Denise Penna Firme
para defirme
mostrar detalhes 10:33 (11 horas atrás)
Mobilização continua no Recreio. Caiu a liminar que garantia direitos na Restinga.
Como era de se esperar, a Prefeitura do Rio não mede esforços em manter a indeterminação jurídica e as medidas de exceção contra dezenas de famílias residentes ao longo do corredor Transoeste. Nesta quinta, na Vila Harmonia, prepostos da Subprefeitura da Barra, os mefíticos senhores Leandro, Alvir e Thiago, comandaram uma equipe de Guardas Municipais e peões da Secretaria Municipal de Obras em mais um ataque contra famílias desesperadas.
Na parte da manhã, partiram para cima de uma casa cujos responsáveis encontravam-se no trabalho, mas deixaram suas crianças sob os cuidados da matriarca, uma anciã de quase 90 anos. Os verdugos chegaram a dar ordens para a retroescavadeira da Odebrecht avançar contra os moradores que questionavam os métodos e os procedimentos dos ditos agentes públicos. Guarnições do 31º BPM e da 42ª DP acompanhavam ao longe e, mesmo reconhecendo a ilegalidade das ações, nada fizeram.
A comunidade foi salva pela chegada de um Oficial de Justiça que trazia a liminar conseguida junto ao Tribunal de Justiça do Rio pelos Defensores Públicos do Núcleo de Terras e Habitação. Entretanto, como a liminar era restrita a algumas famílias identificadas no pedido (feito na madrugada, na emergência dos fatos já ocorridos na Vila Recreio II na noite anterior), os beócios da Prefeitura tentaram destruir mais uma residência, igualmente com moradores em horário de trabalho e que não aceitaram as propostas ultrajantes da Secretaria Municipal de Habitação.
No final da tarde, sem conseguir grandes avanços em sua empreitada, novas ordens foram dadas aos marreteiros para atacar uma casa onde parte da família, residente no andar térreo, aceitou as condições impostas, mas as pessoas dos andares superiores rejeitaram tal humilhação. Desta feita, os marreteiros atacaram ferozmente colunas e paredes do andar térreo, o que pode ter colocado em risco toda a estrutura onde mora uma família de quase dez pessoas.
Mas o mais grave ainda não veio à tona. Na comunidade Vila Harmonia funcionam duas Casas de Santo, os terreiros de Sérgio d’Ogun, o Ile Aset’ Ogun T’ Yemonja, e o Ile Asé T’ Òsún, da Ìyálórìsà Ivânia. Tratam-se de terrenos sagrados na tradição das respectivas linhas, com trabalhos feitos há décadas e que são muito respeitados por toda a comunidade, de dentro e de fora da religião. Infelizmente, ao receberem a visita das assistentes sociais da SMH, apesar de terem sido realizadas as pixações que marcam as casas condenadas para demolição, não foi feito qualquer cadastro ou avaliação das casas. Questionadas pelos respectivos sacerdotes do porquê, as ditas assistentes simplesmente informaram que “estabelecimentos comerciais” não eram passíveis de indenização por parte da Prefeitura. Esta é a forma como os agentes supostamente públicos tratam as religiões afro-brasileiras.
Eis a faceta mais perversa do preconceito: Não basta o preconceito de classe e a “constatação” de que os pobres não tem lugar nas valorizadas glebas do Recreio dos Bandeirantes. É preciso humilhar e rebaixar ao nada toda uma história de trabalho social e religioso dos sacerdotes e suas famílias, seus seguidores, suas crenças e sua fé num futuro próspero para nossa sociedade doentia.

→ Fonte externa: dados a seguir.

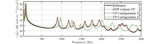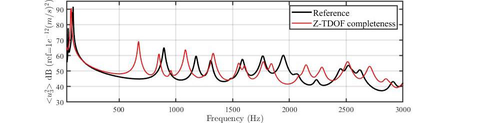 A A A Numerical investigation of the effects of model uncertainties on com- ponent-based transfer path analysis method with dynamic substruc- turing applied to aircraft-like components. Simon Prenant 1 , Thomas Padois, Thomas Dupont and Olivier Doutres Department of Mechanical Engineering, École de technologie supérieure, 1100 rue Notre-Dame Ouest, Montréal, Québec, H3C 1K3, Canada ABSTRACT The hydraulic pumps are considered to have a major contribution to the structure borne noise gen- erated inside aircrafts. Methods such as Component-Based Transfer Path Analysis (CB-TPA) are promising tools for aircraft manufacturers to build internal processes for the specification, design and validation of the impact of vibrating systems on new aircrafts. However, the experimental ap- plicability of these methods remains limited due to some experimental difficulties. CB-TPA’ formu- lation is based on dynamical quantities, which require the determination of terms related to rotational degrees of freedom. Indirect methods such as Virtual Point (VP) are commonly employed for this purpose, but it results in more cumbersome experimental set-ups and increased measurement uncer- tainties. The implementation of these methods can also be difficult in the case of a flat and thin re- ceiving structure as commonly encountered in aircraft applications, since in-plane translational ex- citations have to be applied and the access to the vibrating system/structure interface points is lim- ited. In this work, a decoupling procedure is used to overcome these issues. A numerical model is used to investigate the influence of model uncertainties on the CB-TPA’ predictions, when the dy- namical quantities are provided by VP method including the decoupling procedure. Keywords: Dynamic Substructuring, Component-Based Transfer Path Analysis, model uncertainty 1. INTRODUCTION The Structure Borne Noise (SBN) induced by the hydraulic pumps contributes to annoying acoustic level in the cabin of aircrafts [1]. The work sharing rules are such as the hydraulic pump is designed by a supplier according to the aircraft manufacturer specification. Component-Based Transfer Path Analysis (CB-TPA) encompasses a set of methods potentially useful for the aircraft manufacturers to build internal processes for the specification, design and validation of the impact of hydraulic pumps on new aircrafts. CB-TPA formulation requires an intrinsic active dynamic quantity of the vibrating system (i.e., equivalent forces) and a passive dynamic quantity of the assembly (i.e., mobility matrix) for estimating the dynamic response of this latter [2]. The mobility could be directly measured on the assembly or estimated using Dynamic Substructuring (DS) procedure [3]. The joint use of CB-TPA and DS, referred to as CB-TPA-DS hereafter, is the only CB-TPA method well suited for the design phase since requires only intrinsic dynamic quantities of the source (i.e., hydraulic pump) and receiv- ing structure (i.e., aircraft structure). The applicability of CB-TPA-DS is restrained by multiple experimental difficulties, such as the de- termination of terms related to Rotational Degrees of Freedoms (RDOFs). The omission of these terms is generally considered as an important source of inaccuracies for the estimations provided by 1 simon.prenant.1@ens.etsmtl.ca worm 2022 CB-TPA-DS [4], [5]. These investigations were generally conducted on automotive structures but similar conclusions were drawn recently for aircraft-like structures [6]. The determination of the terms related to RDOFs requires indirect methods, such as the Virtual Point method (VP) [7]. This method allows an explicit determination of the terms related to the RDOFs at an interface point by multiple non-aligned and non-coaxial Translational DOFs (TDOFs), distributed on a surface considered as having a rigid body behavior. Consequently, the excitations and sensors at the interface point have to be located close to each other in practice, otherwise model uncertainty are induced by the breach of the rigid behavior assumption [8], [9]. Furthermore, aircraft structures are typically made of beams and plates. The latter structures are thin and flat, which complexifies the application of in-plane excitations and hence of the VP method to assess their FULL mobility matrix (6 DOFs); yet required for an accurate application of the CB-TPA-DS method on such structure. This paper aims to evaluate numerically the robustness of three approaches for determining the mo- bility of a flat receiving structure, in order to determine the dynamic response of an aircraft-like as- sembly by a CB-TPA-DS method. Numerical investigations are carried out on assembly made of an aluminum plate and a rigid cubic source having four interface points, and designed in order to mimic the assembly of a hydraulic pump with an aircraft structure. The dynamic behavior of the source (i.e., mobility and equivalent forces) is characterized using a separate test rig. The mobility of the (thin and flat) receiving structure is determined according to 3 approaches, each leading to a different mo- bility matrix completeness. The first approach consists in a direct measurement (i.e., without VP method) accounting for only one Z-axis TDOF at each interface point. Although a significant part of the DOFs are omitted, this approach is easily and commonly implemented on industrial structures (see discussion in reference [6]). For the second approach, the VP method is used in order to assess the Z-axis TDOF and both the X- and Y-axis RDOFs at each interface point. This approach is also simple to implement experimentally (the X- and Y-axis RDOFs being determining by multiple Z- TDOFs normal to the surface of the receiving structure). However, here again, several DOFs are omitted, due to the impossibility to apply in-plane excitations on the receiving structure alone. For the third approach, a decoupling procedure based on the use of a dummy source is

Uma vez mais, a pergunta que não quer calar: por onde andará os estudo de impacto ambiental do corredor Transoeste que não foi capaz de identificar a demanda por habitações para as centenas de famílias assentadas ao longo da nova rodovia? O que dirá o técnico ambiental sobre um projeto que ignora a existência de autênticas manifestações de religiosidade ancestral de parte significativa da nossa população?
Uma sociedade movida cada vez mais por fluxos financeiros, investimentos transnacionais e pela ideologia do consumismo usa da marreta e da retroescavadeira privada para destruir histórias, tradições, culturas. Graves crimes contra a Vida, contra a liberdade de culto, contra o direito à Moradia Digna estão sendo executados dia após dia pelos representantes da Prefeitura da Cidade do Rio de Janeiro. Poucas são as instituições que se mobilizam pelo restabelecimento da legalidade e da paz entre as famílias atingidas por tal calamidade. Mas a luta continua e a mobilização de todos é fundamental.